The potential medical significance of this study is that microneedles may reduce pain and apprehension related with insulin delivery. With pain, anxiety, and fear of needles being the main reason for noncompliance among diabetes patients, we believe microneedles may provide a means to increase patient compliance. Further, designing the microneedle device to be a miniature integrated patch-like device without any tubing, bulky pumps, or catheter may further improve patient compliance by increasing comfort and convenience. Overall improved patient compliance would ultimately lead to reduced healthcare costs for diabetes patients due to potential lower frequency of hypo- and hyperglycemic events and related hospitalizations. As indicated previously, microneedles have been used to extract interstitial fluid from human subjects to successfully detect glucose levels.22 By combining the use of microneedles for insulin delivery and glucose monitoring, we envision that microneedles may ultimately be incorporated into a fully integrated closed-loop microdevice system for continuous glucose monitoring and insulin delivery. The results of this study bring us one step closer to developing such a minimally invasive solution for diabetes therapy.

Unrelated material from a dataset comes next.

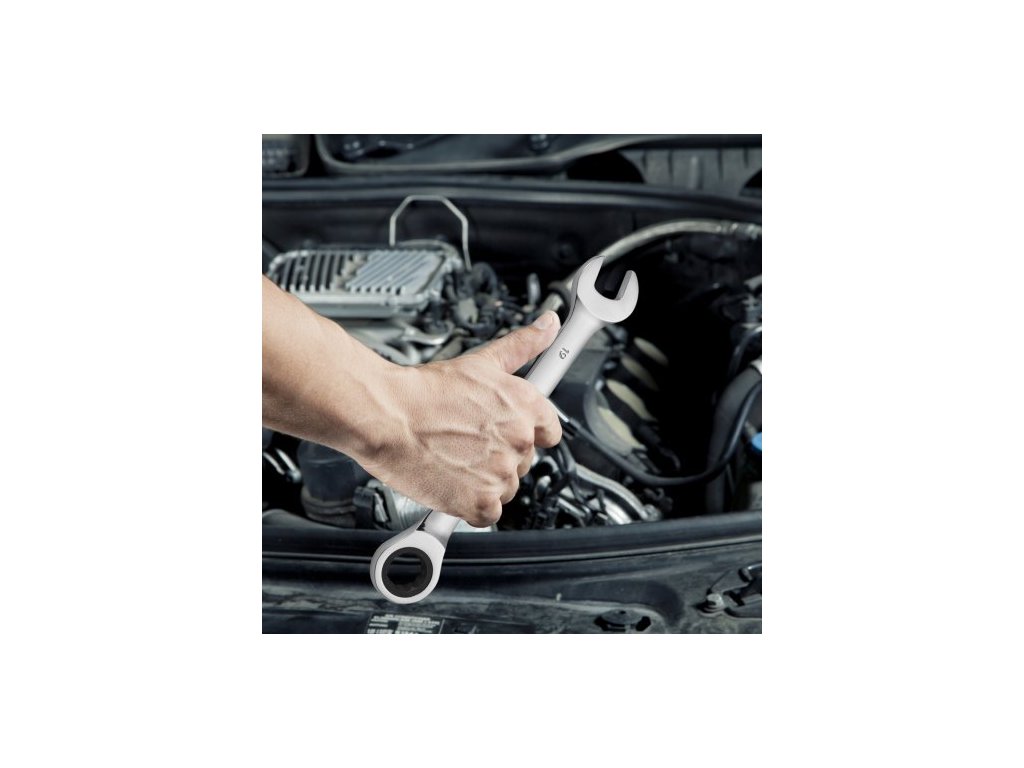 Materiál ráčny: chrom-vanadová ocel,Rozměry výrobku (D x Š x V, maximální velikost): 9,3 x 8 x 1,5 palce/235 x 205 x 38 mm,Typ výrobku: Střední velikost, pevný (metrický),Barva: stříbrná,Počet zubů: 72,Číslo modelu položky: J008H,Materiál těla klíče: uhlíková ocel,Konfigurace nástroje (metrický): 8, 10, 12, 13, 14, 15, 17, 19 mm, Tvrdost: HRC42, Čistá hmotnost: 1,13 kg, Počet nástrojů: 8 ks

Overall, this study demonstrated microneedle-based insulin delivery to two subjects with type 1 diabetes for the first time. Microneedles inserted 1mm into the skin were able to effectively reduce postprandial glucose levels. A raised wheal at the surface of the skin immediately after insulin bolus infusion confirmed delivery of insulin into the intradermal space. Subjects reported minimal pain and preferred microneedle-based insulin delivery over subcutaneous catheter delivery. While it appears from the results of this study that microneedle-based delivery may have faster onset of action than subcutaneous catheter-based delivery, further studies with a larger patient population and equal insulin doses are required to confirm this hypothesis.
We thank Maureen McGrath, Jane McCurdy, and Megan Consendine for their assistance in carrying out this study. This work was supported by the Emory Egelston Seed Grant Program and was carried out at the Emory Children's Center.
M.P. is a consultant, advisory board member, shareholder, and/or inventor on patents licensed to a number of companies developing microneedles for drug delivery applications. None of these companies yet has a microneedle-based product, and the microneedle device presented in this study is not directly related to any microneedle devices currently under development at these companies. E.F. and J.G. have no competing financial interests.